Lesson #115: The Difference Between Attorney’s Fees and Attorneys’ Fees

Lesson #115: The Difference Between Attorney's Fees and Attorneys' Fees

When you think of the word attorney Fees, do you think of the plural form? If so, then you are in good company. Unfortunately, most attorneys aren’t as familiar with their industry as they should be, and this leads to misspellings and other mistakes that can ruin your professionalism and credibility if not corrected promptly. LawProse Lesson #115 covers the difference between attorney’s fees and attorneys’ fees, so it will be easier to avoid this type of error from now on.

Attorney’s Fees vs. Attorneys’ Fees

A reader recently wrote in to ask whether attorney’s fees should be spelled with an apostrophe, as in attorney’s fees, or without an apostrophe, as in attorneys’ fees. The answer is that it depends on what you mean.

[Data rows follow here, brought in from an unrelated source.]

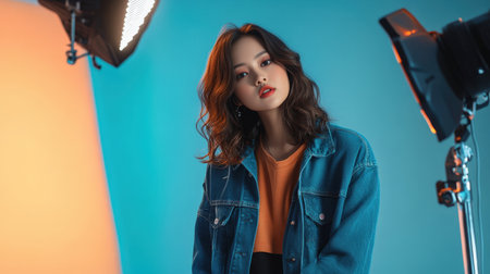 A fashion model confidently posing in a studio with expert lighting setup for a high-fashion shoot
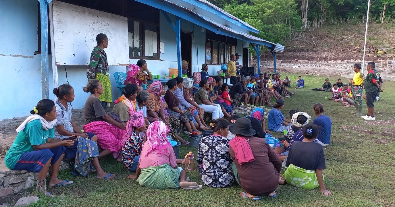 TTU,– Setelah seharian bergotong royong membangun SDN Lanaus dalam program TMMD ke-123 Kodim 1618/TTU, warga Desa Lanaus dan personel TNI memanfaatkan waktu istirahat mereka untuk bersantai bersama. Bertempat di halaman sekolah, suasana keakraban begitu terasa saat mereka duduk bersama, melepas lelah sambil berbincang santai.
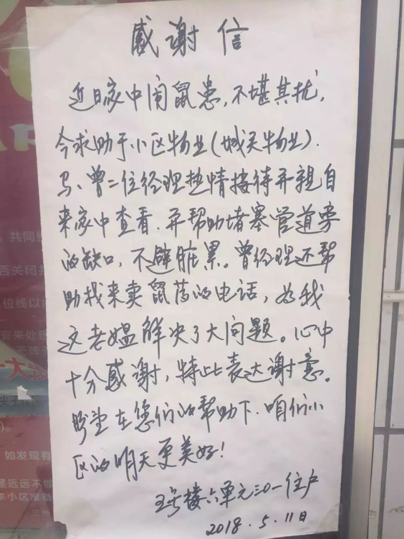 寫來感謝信的是住在五號樓六單元301室的業(yè)主任信,該業(yè)主近來家中鬧鼠患,考慮到自己家在三樓都經(jīng)常受到影響,因此專程前往物業(yè)服務(wù)中心,提醒物業(yè)工作人員加強小區(qū)內(nèi)的滅鼠工作。第三、六事業(yè)部總經(jīng)理助理馬靖、項目副經(jīng)理曾瑾得知該情況后,主動提出前往業(yè)主家中查看。由于該業(yè)主年齡偏大,又常年獨居,馬靖、曾瑾兩位經(jīng)理當(dāng)即決定幫助老人解決鼠患。他們驅(qū)趕了業(yè)主室內(nèi)的老鼠,并通過各種材料將老鼠出入的所有洞口堵住,最后將現(xiàn)場清理干凈。同時幫助老人聯(lián)絡(luò)專業(yè)的滅鼠公司,預(yù)約上門進行專業(yè)清理。
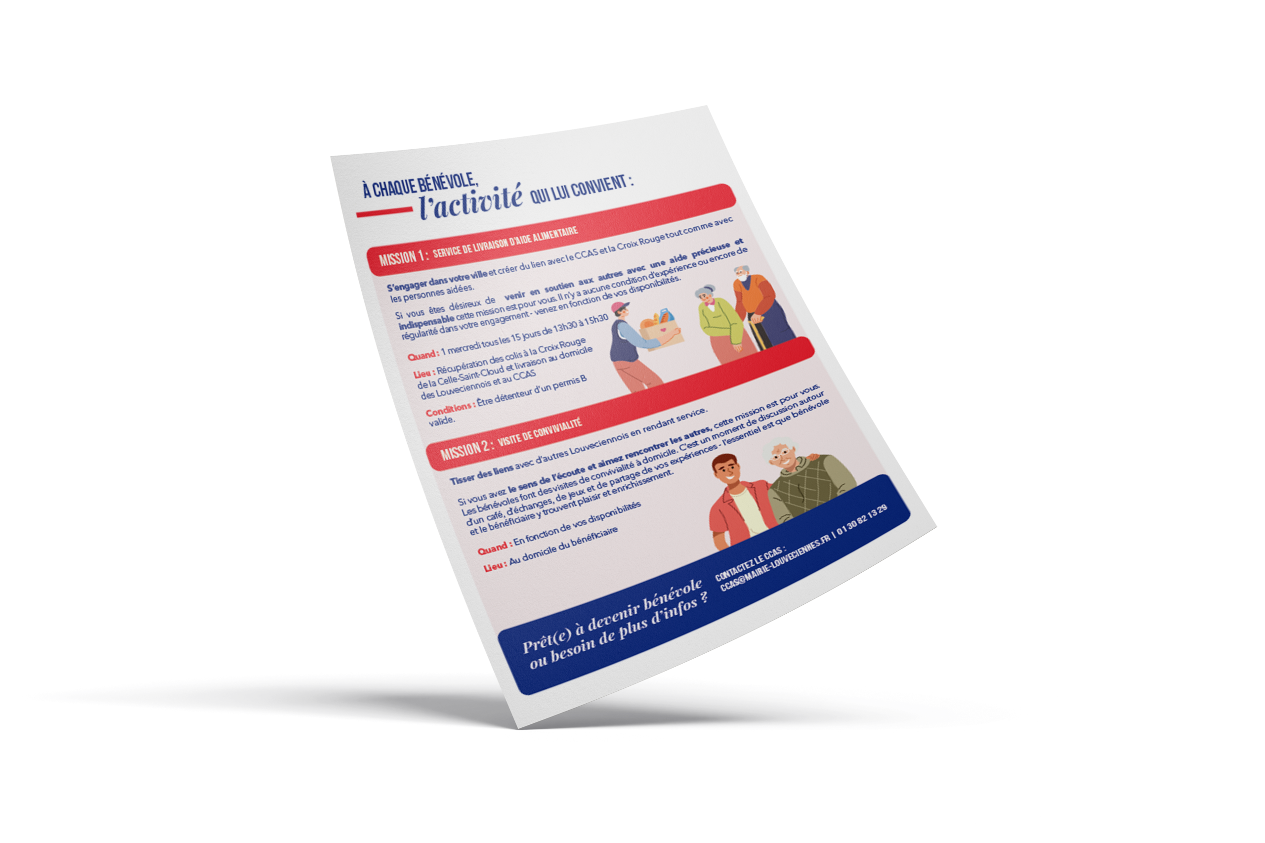 Design of two informational flyers for the Mairie du Louvecienne‘s Centre Communal d’Action Sociale (CCAS). The project focused on creating clear, accessible, and engaging visuals for public communication.
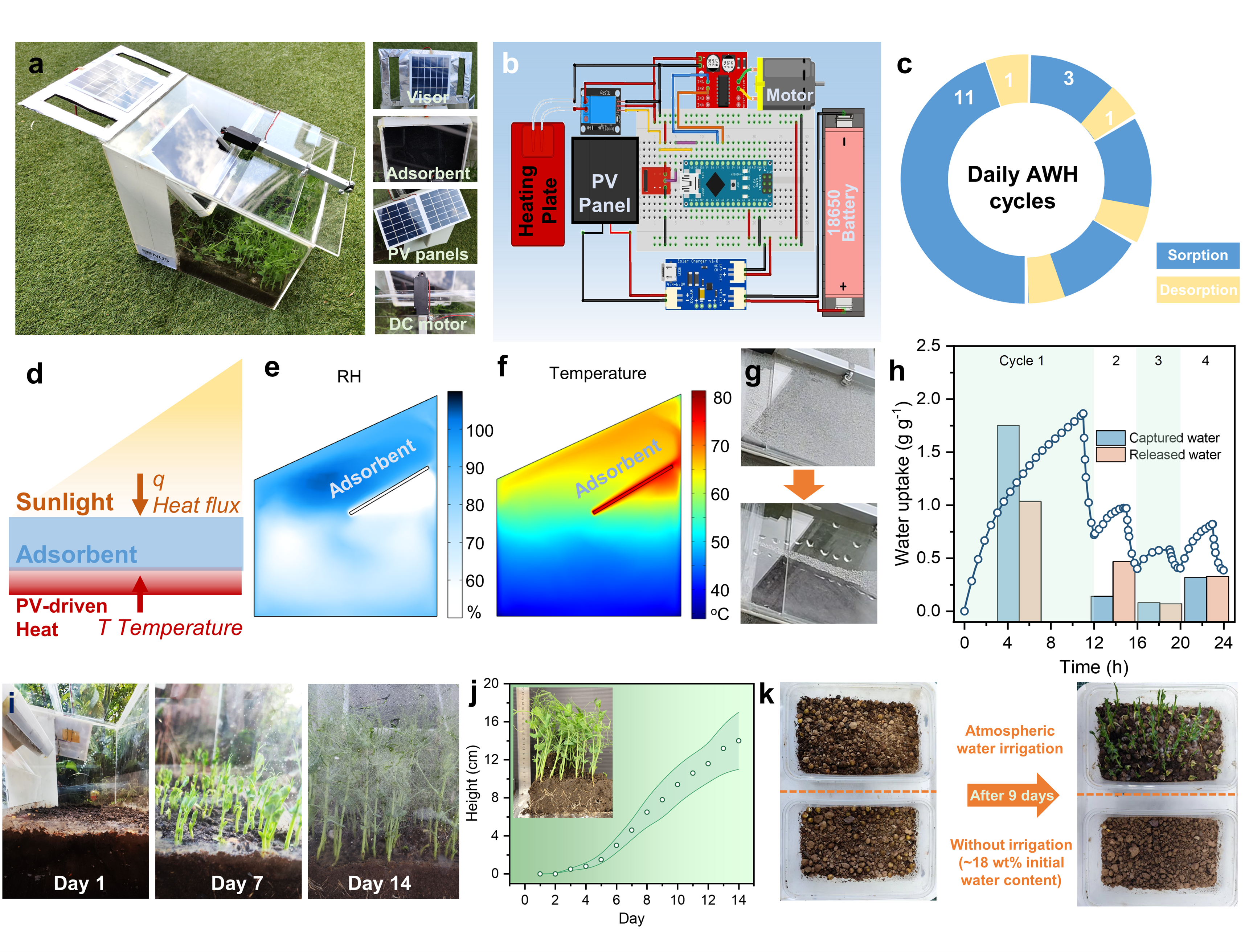 To advance the practical implementation of integrated atmospheric water harvesting and rooftop agriculture, Prof. Wang's team collaborated with Prof. Swee Ching Tan to optimize the material dynamics, deployment climatic characteristics, and plant growth traits, leading to the creation of a fully automated atmospheric water source irrigation rooftop farm. Without external water input, this system achieved a water yield of 879.9 g/m² and a food production rate of 1.28 kg/m² over 14 days, offering a new pathway for distributed harvests of food and water in cities and sustainable urban development.
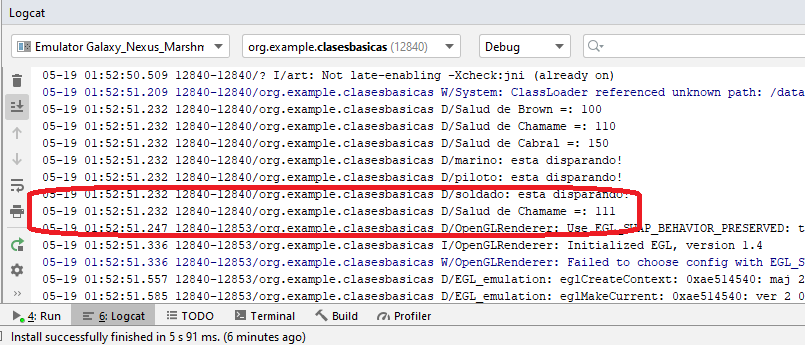 Esta clase la usaremos como principal para ello extendemos a Activity, luego sobreescribiremos a onCreate, tal como se hace siempre, usamos el super para corregir el error que nos genera, nuestro siguiente paso sera crear tres objeto de la clase Soldado, el siguiente paso sera definir la salud y el tipo de soldado para cada uno de ellos, despues tenemos un bloque donde por medio de Log.d mostramos la salud de cada uno de ellos y por ultimo los hacemos disparar, si lo ejecutamos veremos lo siguiente
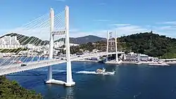 The Geobukseon Bridge (Korean: 거북선대교), also called the Second Dolsan Bridge (Korean: 제2돌산대교), is the main bridge on the Yeosu Road between Udu-ri, Dolsan and Jonghwa-dong, linking the Port of Yeosu with Dolsando across the Namhae sea.[1] The bridge is floating cable-stayed bridge with 464m (35+82+230+82+35m) length and its construction started in June 2008. It opened in April 2012 and carries four lanes of motor vehicle traffic.[2] The new link was intended to reduce traffic congestion on the First Dolsan Bridge which opened in 1985, and act as an important infra-structure link during the Yeosu Expo which had been held from May, 2012 for three months. The bridge was built by contractor Daelim Industrial Co. Ltd for client Iksan Regional Construction & Management Administration. Contract cost is US$60million, which includes a 460m long tunnel at one end, and a 280m long approach bridge.[3]
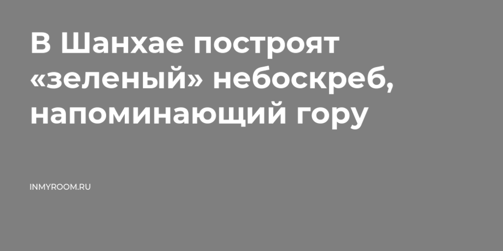 В Шанхае построят «зеленый» небоскреб, напоминающий гору
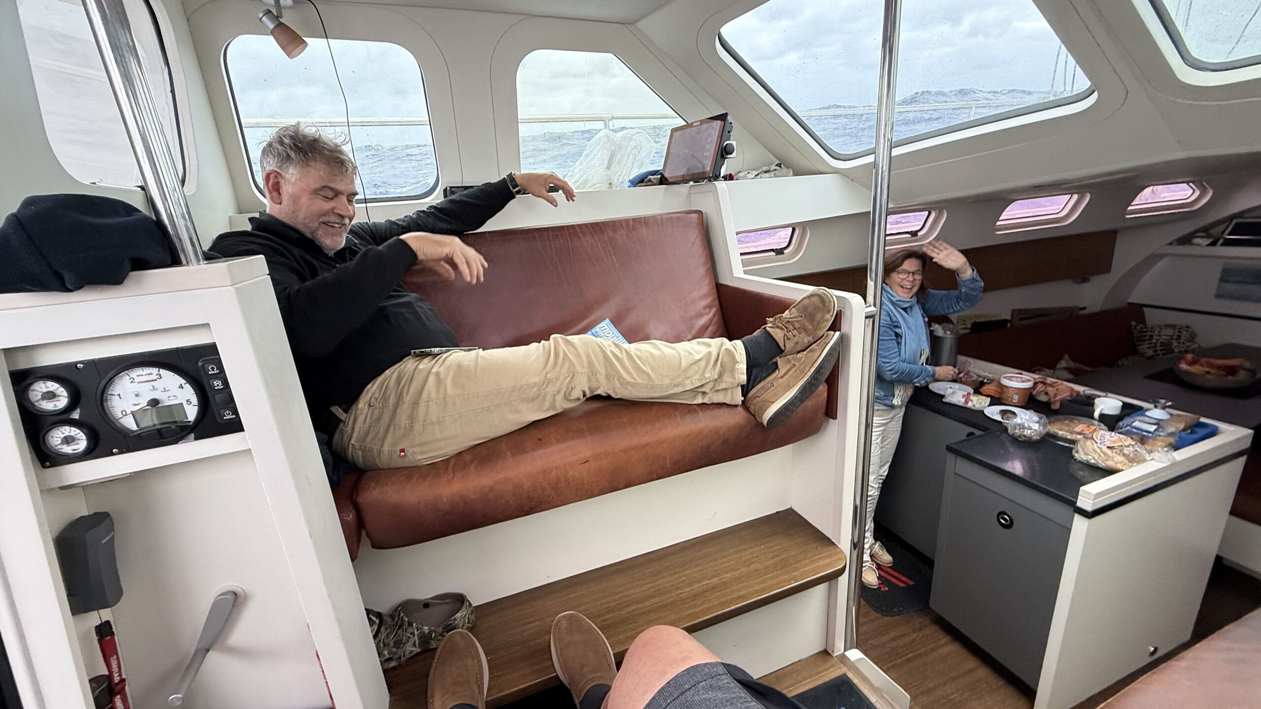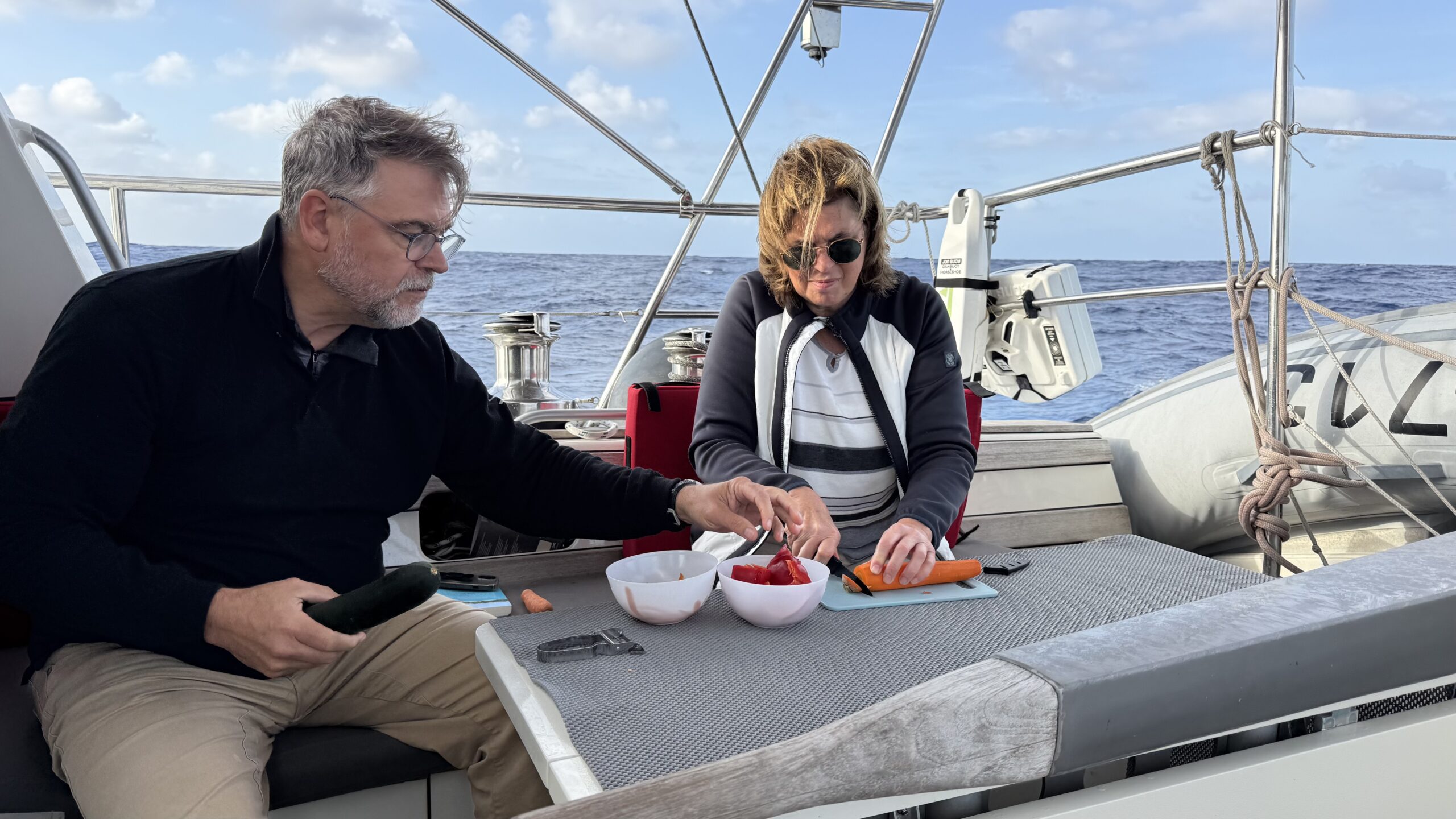Laten we beginnen waar ik gebleven was: Lissabon. Om Koen te ontvangen was ik naar Cascais gezeild. Dat is de “eerste” haven van groter Lissabon als je vanuit het noorden de hoek om komt en traditioneel dé flaneer plek voor de Lissabonezen (? Lissabonners?) en ook voor veel toeristen. Een gezellig kustplaatsje met mooie stranden, een prachtig oud centrum, veel restaurants en bars. En dus een mooie jachthaven, die alleen in de zomer mij te duur is: € 120 per nacht, daarvoor kan ik wel doorvaren naar een iets minder illuster plekje. Maar in Oktober is het winterseizoen al begonnen en is de prijs bijna gehalveerd. Koen kwam, op z’n Koens. Dus: niet de Bolt taxi pakken die ik aanbevolen had, maar met de Bolt van vliegveld naar het treinstation, en dan het kustboemeltje pakken. Hartstikke leuk voor hem, maar ik zat maar te wachten waar hij bleef. Enfin, het weerzien was heel leuk en we konden goed bijpraten. Koen heeft nogal het nodige meegemaakt in zijn leven, privé en ook in het werk. Dus het was hoog tijd om daar eens over door te bomen. Ondertussen in de weer met KM, Rob Wink (leverancier) en Schenker (fabrikant) van de watermaker, het blijkt dat er een nieuw moederbord nodig is. Na een paar dagen boodschappen halen, kleine klusjes doen en lekker uit eten kwam Saskia, zijn vrouw, ook naar Lissabon. Zij heeft er erg weinig van gezien want ze kwam na zonsondergang en de volgende ochtend vertrokken we al, vooral omdat als we zouden wachten het helemaal prut zou zijn met de wind.

What matters is not the singular possessive pronoun, but rather the plural noun phrase.

If you are talking about two or more attorneys that are working together to represent a client (or two or more people who share ownership of a business), then the plural version—namely attorneys’ fees—is appropriate.

On the other hand, if you are referring to an attorney representing an individual client or a single business owner, then you should use attorney’s fees. These aren’t interchangeable terms in every context. For example, imagine you are writing a letter to your brother asking him for money to pay off your traffic tickets and registration fees for law school. In that context, it’s clear that your brother is one person—not two or more attorneys who have collectively asked you for money—so attorney’s fees are better.

The singular attorneys

Attorneys are lawyers: A singular attorney is a lawyer. A plural attorney is two or more lawyers. Some people confuse the term attorney with attorney fees, so they mistakenly write attorney’s fees when referring to an individual attorney’s legal fees. But, this is an incorrect usage.

The correct word in referring to a single attorney’s fee is attorney’s fee. Some writers confuse attorneys’ fees, which means all of their legal fees,

with attorney fees, which refer to one or more individual attorneys. Since individual lawyers have different names, they need different pronouns when referred to in the singular. For example, it would be incorrect to say John hired two attorneys.

When are you supposed to use an attorney anyway?

Though this type of rule sounds like one of those pieces of advice your mother gave you, it has some practical consequences. When you want to represent yourself as an attorney in court, you need to register with the judge. If you want to be a witness, though, then you must swear that you are not an attorney. You may also be required to state your occupation when offering expert testimony.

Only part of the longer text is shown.